» DATA EXTRACTS:
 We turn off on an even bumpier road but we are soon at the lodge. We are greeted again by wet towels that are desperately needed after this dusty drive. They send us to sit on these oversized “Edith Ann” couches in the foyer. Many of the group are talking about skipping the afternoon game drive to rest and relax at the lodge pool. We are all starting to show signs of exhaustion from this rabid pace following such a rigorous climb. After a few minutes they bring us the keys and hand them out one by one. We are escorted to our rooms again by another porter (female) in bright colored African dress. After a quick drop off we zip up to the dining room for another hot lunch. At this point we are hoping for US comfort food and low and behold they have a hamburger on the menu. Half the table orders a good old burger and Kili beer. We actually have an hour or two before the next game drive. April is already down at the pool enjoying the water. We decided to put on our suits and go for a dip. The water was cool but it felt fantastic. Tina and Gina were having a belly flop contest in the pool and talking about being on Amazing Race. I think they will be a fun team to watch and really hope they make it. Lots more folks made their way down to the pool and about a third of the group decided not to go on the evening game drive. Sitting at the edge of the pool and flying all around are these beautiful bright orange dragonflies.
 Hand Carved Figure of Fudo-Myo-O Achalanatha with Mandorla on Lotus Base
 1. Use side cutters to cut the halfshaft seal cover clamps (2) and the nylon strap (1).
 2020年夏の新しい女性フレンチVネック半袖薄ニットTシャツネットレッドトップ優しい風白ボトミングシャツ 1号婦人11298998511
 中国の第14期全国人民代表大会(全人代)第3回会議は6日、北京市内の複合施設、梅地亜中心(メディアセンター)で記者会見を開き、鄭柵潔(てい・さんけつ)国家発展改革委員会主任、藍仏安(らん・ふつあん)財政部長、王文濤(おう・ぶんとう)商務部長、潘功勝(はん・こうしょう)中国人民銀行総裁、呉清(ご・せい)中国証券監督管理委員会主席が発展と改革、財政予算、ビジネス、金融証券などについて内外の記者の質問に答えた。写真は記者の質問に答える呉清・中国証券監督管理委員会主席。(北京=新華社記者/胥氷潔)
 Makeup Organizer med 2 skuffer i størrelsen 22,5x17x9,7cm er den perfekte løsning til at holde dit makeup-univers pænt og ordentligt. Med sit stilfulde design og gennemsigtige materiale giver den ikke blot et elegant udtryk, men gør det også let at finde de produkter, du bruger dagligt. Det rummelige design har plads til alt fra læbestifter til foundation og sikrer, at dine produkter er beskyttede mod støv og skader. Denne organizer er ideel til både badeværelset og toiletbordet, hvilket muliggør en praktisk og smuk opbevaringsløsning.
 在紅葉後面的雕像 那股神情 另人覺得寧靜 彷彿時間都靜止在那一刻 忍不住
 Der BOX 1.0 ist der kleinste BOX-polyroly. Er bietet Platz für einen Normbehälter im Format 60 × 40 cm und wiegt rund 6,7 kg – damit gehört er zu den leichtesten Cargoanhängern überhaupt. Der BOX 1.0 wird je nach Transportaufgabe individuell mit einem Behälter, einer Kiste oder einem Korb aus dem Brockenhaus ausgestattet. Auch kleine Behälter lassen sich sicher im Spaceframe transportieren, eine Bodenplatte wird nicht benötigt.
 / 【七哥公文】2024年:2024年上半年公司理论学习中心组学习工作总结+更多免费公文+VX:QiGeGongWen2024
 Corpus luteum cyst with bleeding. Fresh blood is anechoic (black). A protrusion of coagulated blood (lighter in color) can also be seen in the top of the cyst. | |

» YOUR GOAL:
Scan the listing above for the line that has "2020年夏の新しい女性フレ", then copy exactly from that line through the line that has "中国の第14期全国人民代表大".

» TASK SOLUTION:
 2020年夏の新しい女性フレンチVネック半袖薄ニットTシャツネットレッドトップ優しい風白ボトミングシャツ 1号婦人11298998511
 中国の第14期全国人民代表大会(全人代)第3回会議は6日、北京市内の複合施設、梅地亜中心(メディアセンター)で記者会見を開き、鄭柵潔(てい・さんけつ)国家発展改革委員会主任、藍仏安(らん・ふつあん)財政部長、王文濤(おう・ぶんとう)商務部長、潘功勝(はん・こうしょう)中国人民銀行総裁、呉清(ご・せい)中国証券監督管理委員会主席が発展と改革、財政予算、ビジネス、金融証券などについて内外の記者の質問に答えた。写真は記者の質問に答える呉清・中国証券監督管理委員会主席。(北京=新華社記者/胥氷潔)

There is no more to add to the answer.